After things seemed to settled down, I took my son’s hand to retrace our steps and thankfully, I found my phone laying face up on the sidewalk, my best friend’s name flashing. When I called her back, she told me she was hiding in a parking lot around the corner.
As soon as I saw her, we threw our arms around each other, crying softly. I could feel her shaking, and my heart was still racing. We tried to figure out how we got separated, but our subtext for everything was I thought I lost you. She works on the next block, so we walked back to her office building to collect ourselves.
It wasn’t until we get there that we found out what happened – a motorcycle backfired. Since it had only been two days since the shootings in El Paso, Texas and Dayton, Ohio, people just assumed the worst and began to run. Of course, everyone was relieved that it wasn’t anything truly serious. But, as my best friend and I said to another woman taking shelter in the lobby, what kind of times are we living in?
Living in a major city, and being from a major city, I’m aware that anything can happen at any time. But we live in this new version of America, where everyone is on high alert at all times. Domestic terrorism permeates all of our lives every day. Now that I’ve lived through this, my life will never be the same. I cannot equate my experience with people who actually lived through these domestic terror attacks, but if I felt even a tiny bit of what they felt during it, I have even more empathy for the victims and survivors.
My first thought was “What if I die?” As I clutched my son’s hand and ran, I knew I had to keep him safe at all costs. But what if that wasn’t enough? What if one of us got shot? Would he know how to get help? What would I do if I had to cradle his body, watching the life drain from it? There is no way I would be able to be calm in that situation.
This time, we were lucky. But what if there’s a next time? These are the effects of constant domestic terrorism — thinking “when,” not “if.”

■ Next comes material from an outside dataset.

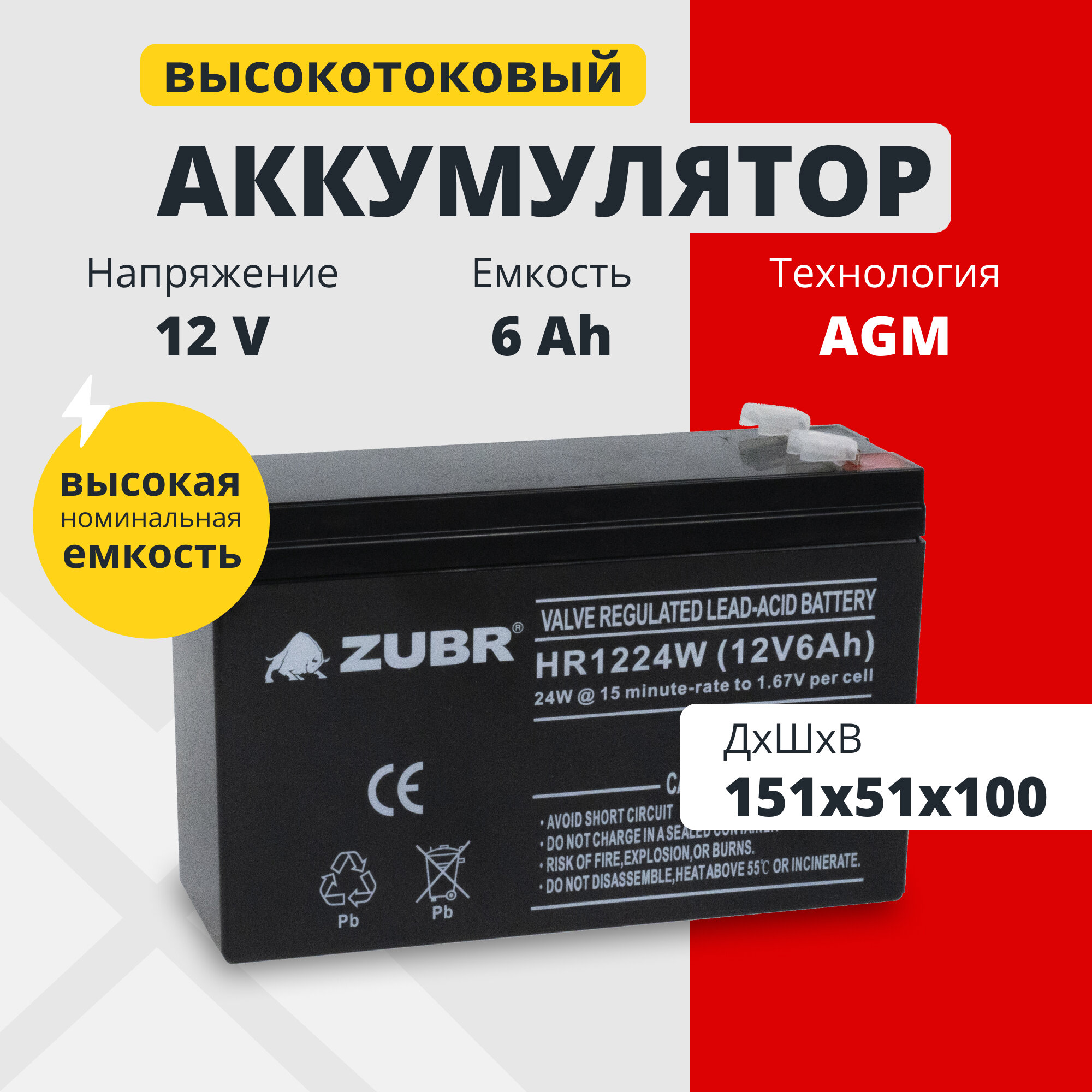 Купить Аккумулятор для ибп 12v 6 Ah ZUBR HR12-24W AGM F2/T2 акб игрушечной машины, весов 151x51x100 мм

How did we get to this point? That’s the question that I keep coming back to. What kind of country are we living in that the sound of a motorcycle backfiring is enough to send people fleeing for their lives? And more importantly, why the fuck do we keep allowing this to happen?
Of course, these questions are purely rhetorical. I know that it’s because our government is hell bent on misinterpreting the 2nd amendment, which was talking about the right for people to protect themselves from armed militias, not the right to purchase a military grade weapon and shoot up a shopping mall or popular night spot. And these shooters? Nothing but entitled white men who think they’re way of life is the only way of life.
If there’s one thing I know for sure, it’s that I will never forget that night. Even now, a few days later, just thinking about it makes my throat close. I tend to downplay the fear that wracks my body when I talk about it. But I can’t think about it for too long without wanting to cry. The image of hundreds of people running at me will haunt my dreams for the rest of my life. Picking up my son and running for our lives will never not rock me to my core. I’ll forever remember the feeling of throwing my arms around my best friend in relief. Domestic terrorism reduces many of us to balls of anxiety.
“Wasn’t that strange, Mommy?” my son asked me after things had settled down.
“Yeah, Bud, it’s very strange.” I wrapped him up in my arms, kissing his sweet head.